# [Provided material]
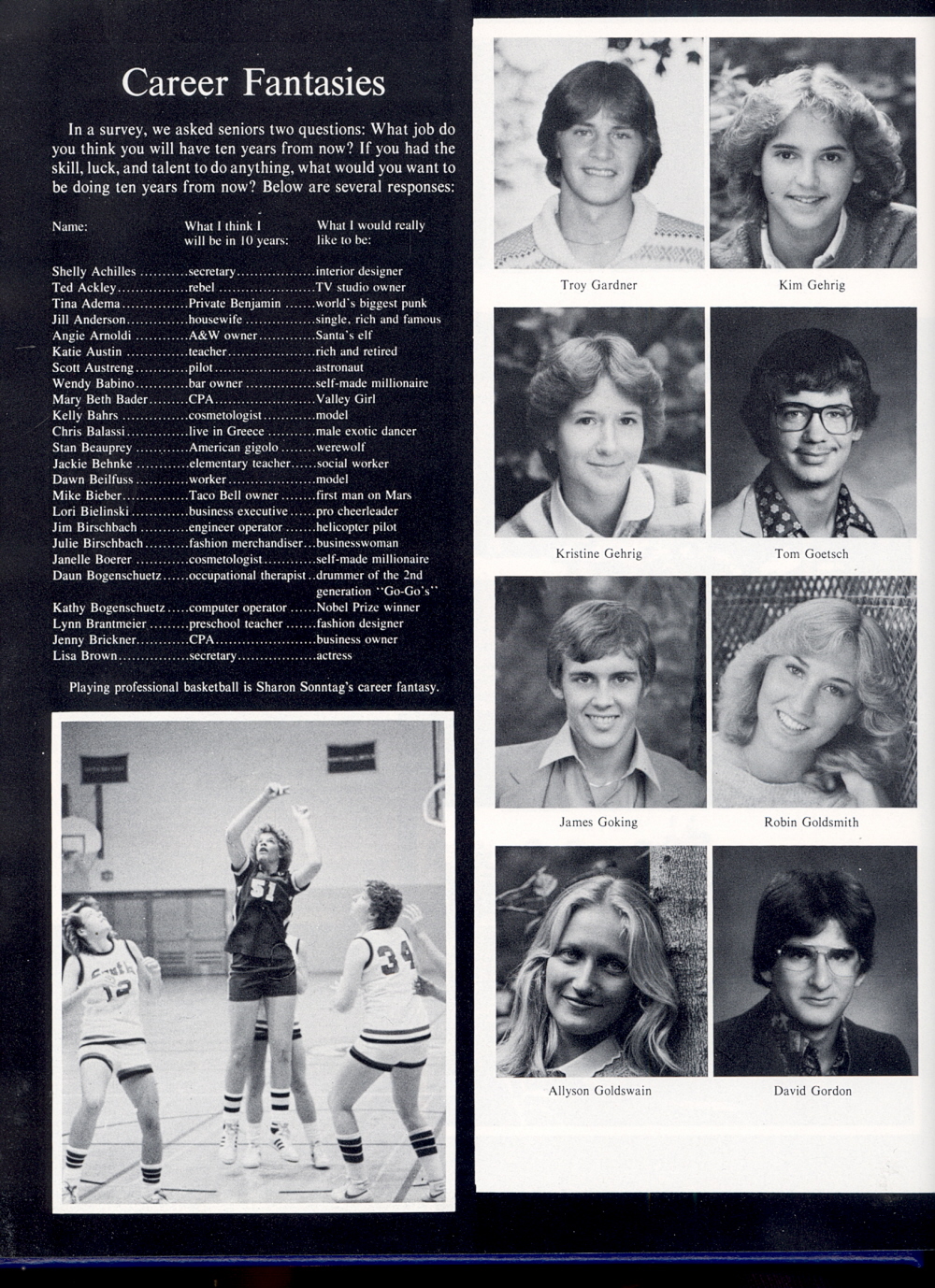 1983 Sheboygan North High School, Page 38: Troy Gardner, Kim Gehrig, Kristine Gehrig, Tom Goetsch, James Goking, Robin Goldsmith, Allyson Goldswain, David Gordon.
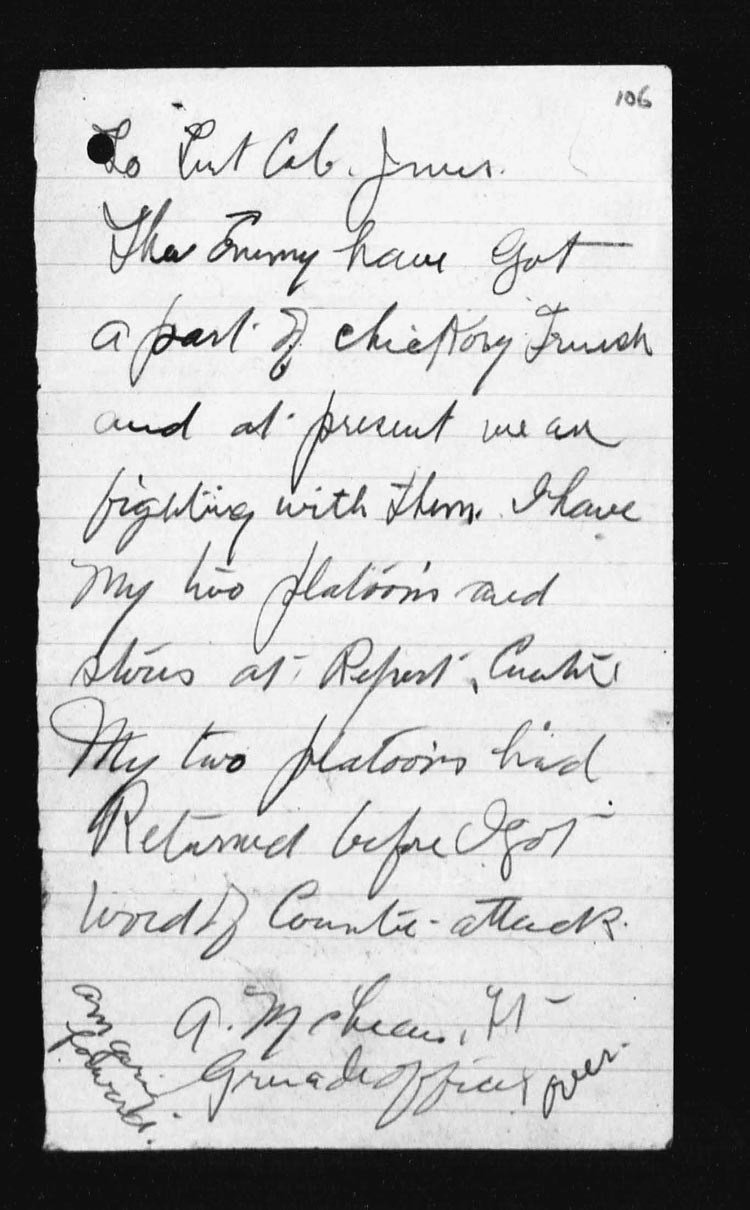 Lieut. G.G. Brachin [Brackin] arrived as reinforcement. | ||
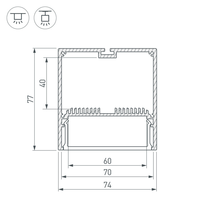 Комплект с экраном. Алюминиевый профиль для светодиодных лент и линеек. Цвет - черный RAL9005 (порошковая окраска). Габаритные размеры (L×W×H): 2500x74x77 мм. Ширина площадки для ленты 60 мм. Отсек для БП 70х40мм. Аксессуары приобретаются отдельно.
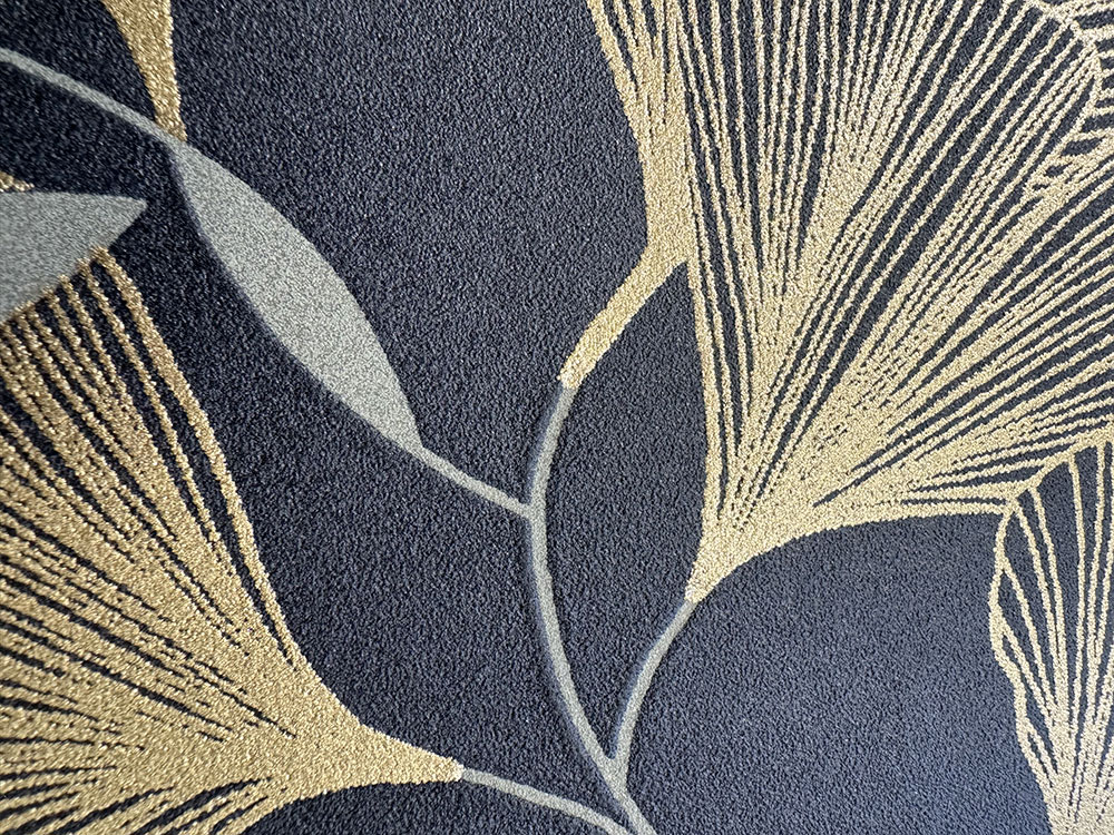 Zelená vliesová tapeta s vinylovým povrchom, motívmi zlatých listov Ginkga.

# [Exercise prompt]
Would you reproduce the lines from the one with "Комплект с экраном." through the final line of the data above, exactly and only those, without any pictures?

# [Result below]
 Комплект с экраном. Алюминиевый профиль для светодиодных лент и линеек. Цвет - черный RAL9005 (порошковая окраска). Габаритные размеры (L×W×H): 2500x74x77 мм. Ширина площадки для ленты 60 мм. Отсек для БП 70х40мм. Аксессуары приобретаются отдельно.
 Zelená vliesová tapeta s vinylovým povrchom, motívmi zlatých listov Ginkga.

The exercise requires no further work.